Under current rules, investors must disclose when they cross regulatory thresholds including 3 percent and 5 percent of voting rights. But those rules do not apply to all types of financial instruments.
“Against the backdrop of the current case, the federal government will examine whether the existing rules are sufficient to provide an adequate level of transparency, or if further guidelines are necessary,” said an Economy Ministry report for the economics committee of the German parliament. The report was seen by Reuters on Wednesday.
Two people familiar with the matter told Reuters that Geely worked with Bank of America Merrill Lynch to help secure the stake using derivatives, skirting disclosure requirements. Bank of America Merrill Lynch has declined to comment.
Any tightening of the disclosure rules would be their first major amendment since Germany’s move to prevent “sneak attacks” after carmaker Porsche in 2008 accumulated a stake of around 30 percent in Volkswagen (VOWG_p.DE) while keeping investors in the dark.

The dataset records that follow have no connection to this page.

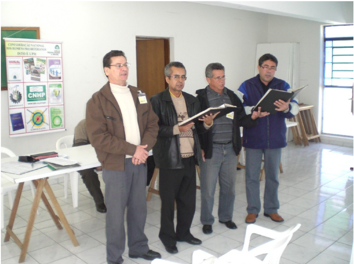
O quarteto abrilhantou o Congresso com o cântico de 2 hinos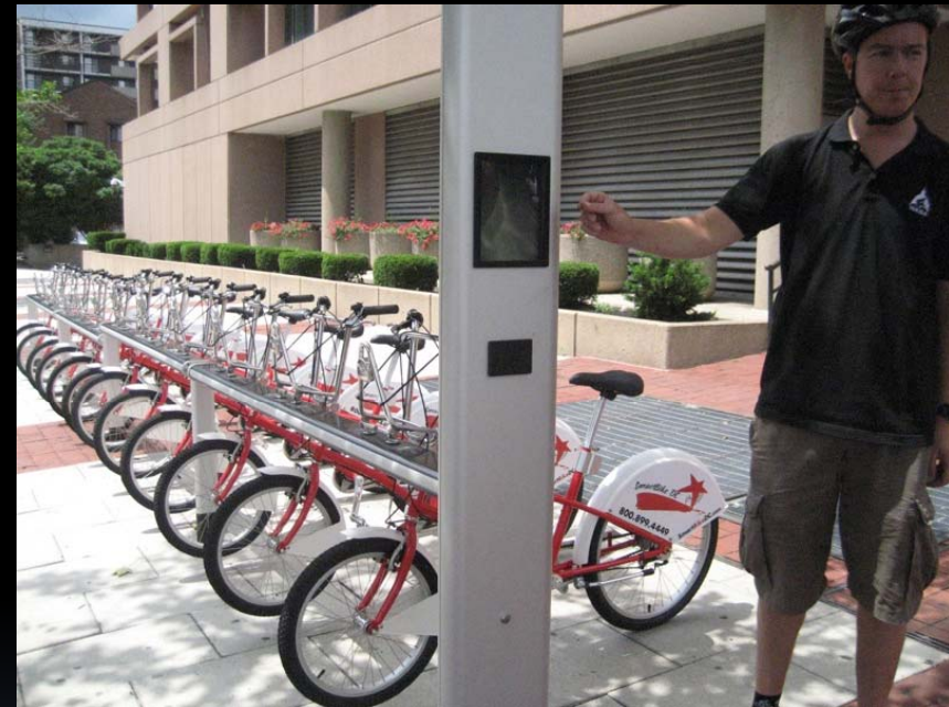
Station in Barcelona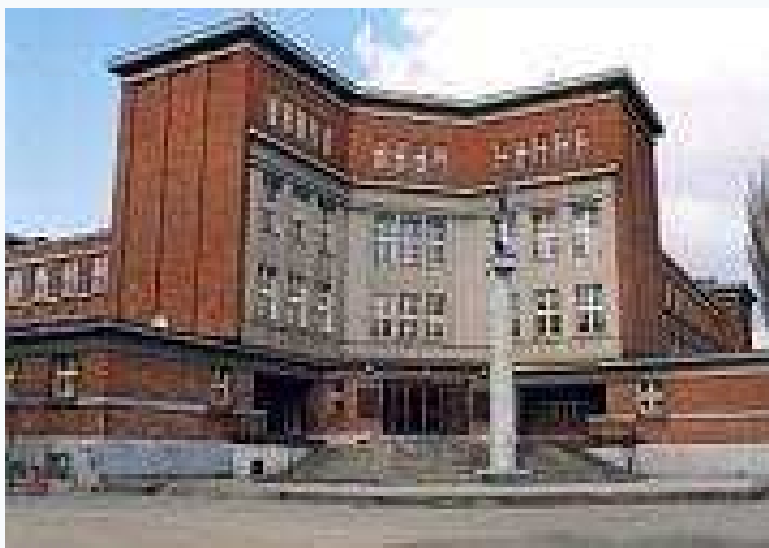
Gymnasium v Hradci Králové

Když ve světě moderní architektury nastoupil konstruktivismus (zdůrazňoval technickou dokonalost, krásu hmoty a účelnost stavby) a funkcionalismus (forma vždy vyplývá z funkce, skutečnou krásu najdeme ve funkčnosti budovy, nikoli v ozdobách), opustil Gočár v polovině 20. let dekorativismus a jeho další projekty již jsou těmito novými směry ovlivněny. Postupně tak byly v Hradci Králové realizovány stavby Koželužské školy (1923 - 1924), budova Agrobanky (1922 - 1923), úprava průčelí starších domů dnešního Masarykova náměstí s instalací sochy T. G. Masaryka (1926 - 1927), budova Rašínova státního gymnázia se sochou "Vítěze" od J. Štursy před vchodem (1923 - 1926).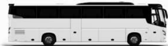
ตัวอย่างรถโดยสาร 1 คัน

ค่าที่พักตามที่ระบุในรายการหรือเทียบเท่าระดับเดียวกัน (พักห้องละ 2 ท่าน) หากประเภทห้องที่ท่านริเคลอมาเกิน อาทิ เช่น ริเคลอห้องพักเป็น TWIN BED หรือ DOUBLE BED ทางบริษัทขอสงวนสิทธิ์ในการปรับประเภทห้องพัก เป็นตามที่โรงแรมมีอยู่ โดยไม่ต้องแจ้งให้ทราบล่วงหน้า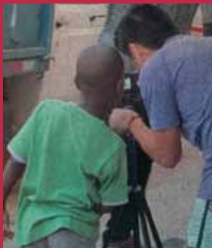
El proyecto Voces Jóvenes Migrantes inauguró exposición en Recoleta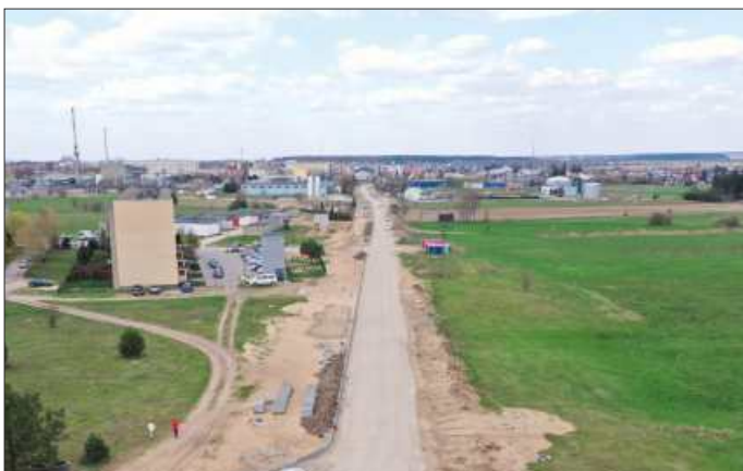
Budowa ciągu ulic: Ekologicznej, Elektrycznej i 9-go Pułku Strzelców Konnych w Grajewie

Betonowe płyty, które były zmorą kierowców, zastępuje porządna nawierzchnia.

Porsche used “cash-settled options” to buy the stake by stealth. German auto-parts supplier Schaeffler (SHA_p.DE) did something similar, secretly cornering about a third of the shares of larger rival Continental (CONG.DE) via swap deals.
Geely’s Li, meanwhile, brushed off concern that he could seek influence over Daimler’s strategy via representation on its board.
“I respect the values and culture of Daimler. I have never asked for a seat on the supervisory board, and that doesn’t have any priority for me,” German weekly Bild am Sonntag quoted Li as saying in an interview.
Germany Economy Minister Brigitte Zypries this week voiced concern over the possibility that a competitor to Daimler could gain a seat on its board, where strategic matters are discussed.
To protect domestic industry, Germany could also make further changes to its rules on foreign investments in its companies, according to the Economy Ministry.
“The next government will certainly keep an eye on this,” an Economy Ministry spokesman told a regular news conference on Wednesday.
Germany already tightened its rules on foreign takeovers last year, the first European Union country to do so, after a series of deals saw China gain access to high-tech know-how, while attempts by German companies to buy full control of Chinese rivals remains prohibited.